All the fluorescence intensities for the GRAF antibody, Zipper antibody, GRAF-GFP, AnillinRBD-GFP and Sqh-mCherry are represented as a mean per pixel at any given time point or cellularization stage in the previous and the revised manuscript.

We have shown line scans of the relative fluorescence intensity across a line with fixed thickness and length at the furrow tip for Sqh-mCherry, GRAF-GFP and AnillinRBD-GFP. We find that Sqh-mCherry and GRAF-GFP colocalize in early stages. GRAF-GFP increases at the furrow tip in mid stages and becomes cytoplasmic in late cellularization (revised Figure 2). Sqh-mCherry on the other hand increases in mid cellularization and is still present in the ring in late cellularization.

The mean fluorescence intensities per pixel for Sqh-mCherry are obtained from sum projections of 5 sections in revised Figure 6—figure supplement 1B. The mean fluorescence intensities per pixel are represented as a ratio to the maximum fluorescence per embryo. This shows that there is an increase in Sqh-mCherry and GRAF in every pixel in mid cellularization followed by a decrease in late cellularization. We have included this description in the revised Materials and methods.

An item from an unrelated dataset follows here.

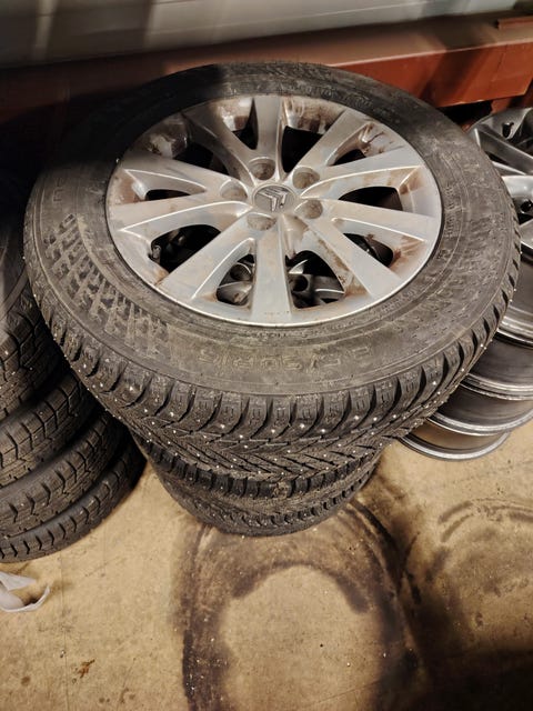 Lite brukte piggdekk på felg

The mean fluorescence intensities per pixel obtained from the sum intensity images relative to inter ring intensity per pixel in late stages are now added in Figures 6, 7, 8 and 9 to estimate the relative change in Myosin II recruitment in different mutant and rescue combinations. We have included this description in the revised material and methods.

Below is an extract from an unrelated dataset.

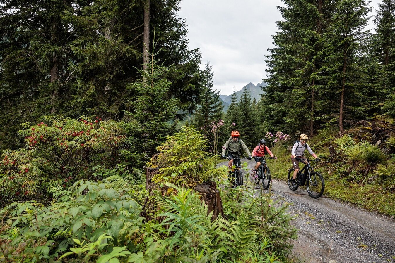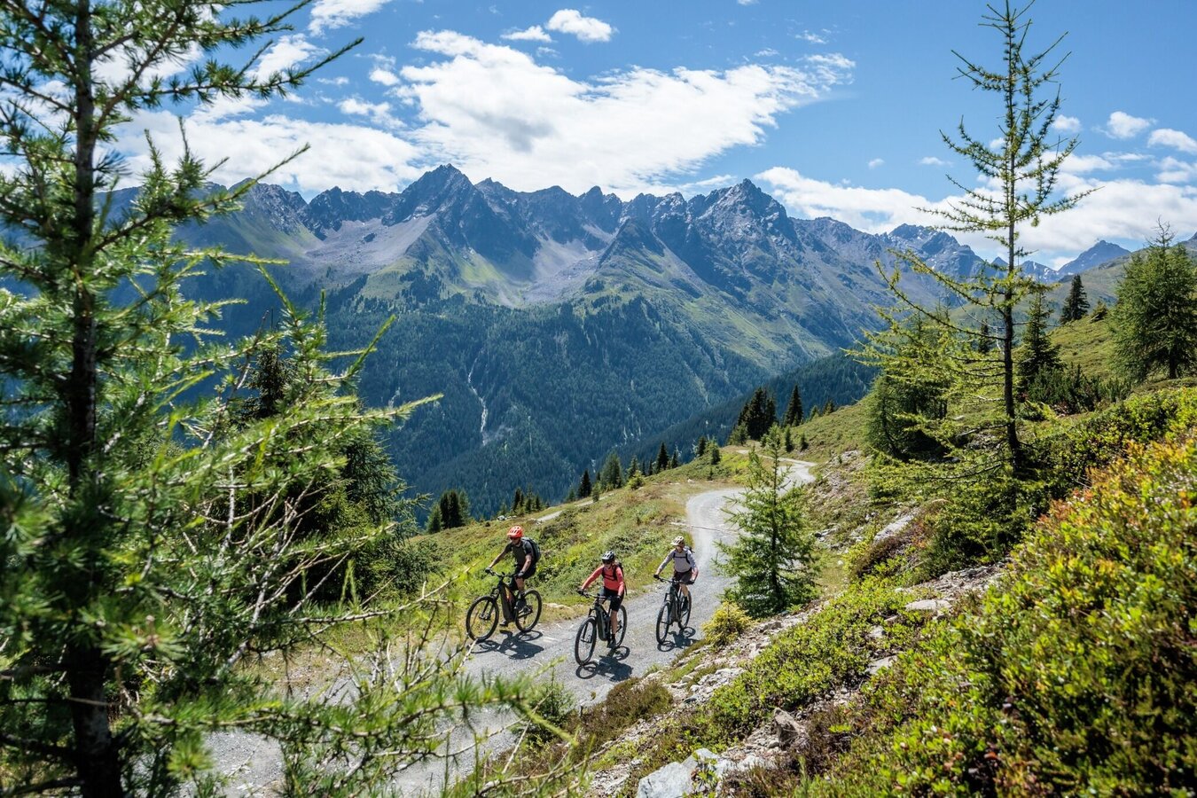 Culinary treats and a sun terrace await at the Idalp. As part of the Ironbike Festival, the Alpenhaus Trophy route invites bikers to compete by floodlight. This route covers approx. 1,000 m of altitude along a steadily climbing asphalt road. The route heads off towards the Fimbatal valley from the outset, running uphill to the middle station of the Fimbabahn or Silvrettabahn cable car. It is also worth taking a detour to the Schwarzwassersee and Pardatscher-See lakes. Form here, the road weaves its way up towards the Pardatschgratbahn cable car. The views down into the original Fimbatal valley and to the Gamspleis peak become increasingly more impressive. Once at the Idalp, the sun terrace is the perfect place to stop off for refreshments. On the route back to Ischgl, you can either take the road or the lively Paznauner Taja Trail (page 46) down towards the Fimbatal valley. Another option is the signposted connecting route 7090 up to the starting point at the Flimjochbahn mountain station.

8. Figure 8: The lower diagram in C shows Graf and ROK KD leads to "Ring constriction similar to controls". This is not supported by the data. You've broken the chain below the GAP, and therefore the phenotype should mimic ROK-KD alone, which is what 8B shows. The blue line is more similar to the green than to the black. ROK isn't in the competitive cycle like RhoGEF2 is. It is downstream. Regardless of what happens upstream, ROK-KD should largely prevent myosin activation and constriction, which the authors data show. And "Dephosphorylated myosin 2" would not lead to "Ring Constriction similar to controls" as the model suggests, it would lead to the results presented in the data.

We thank the reviewers for pointing this out. Yes this was indeed a typographical error. We have made a new summary diagram in Figure 9 and corrected this to show that there is loss of constriction in ROK RNAi and this is maintained in the Graf^CR57 ROK RNAi combinations. ROK depletion suppresses the hyper constriction phenotype of Graf^CR57.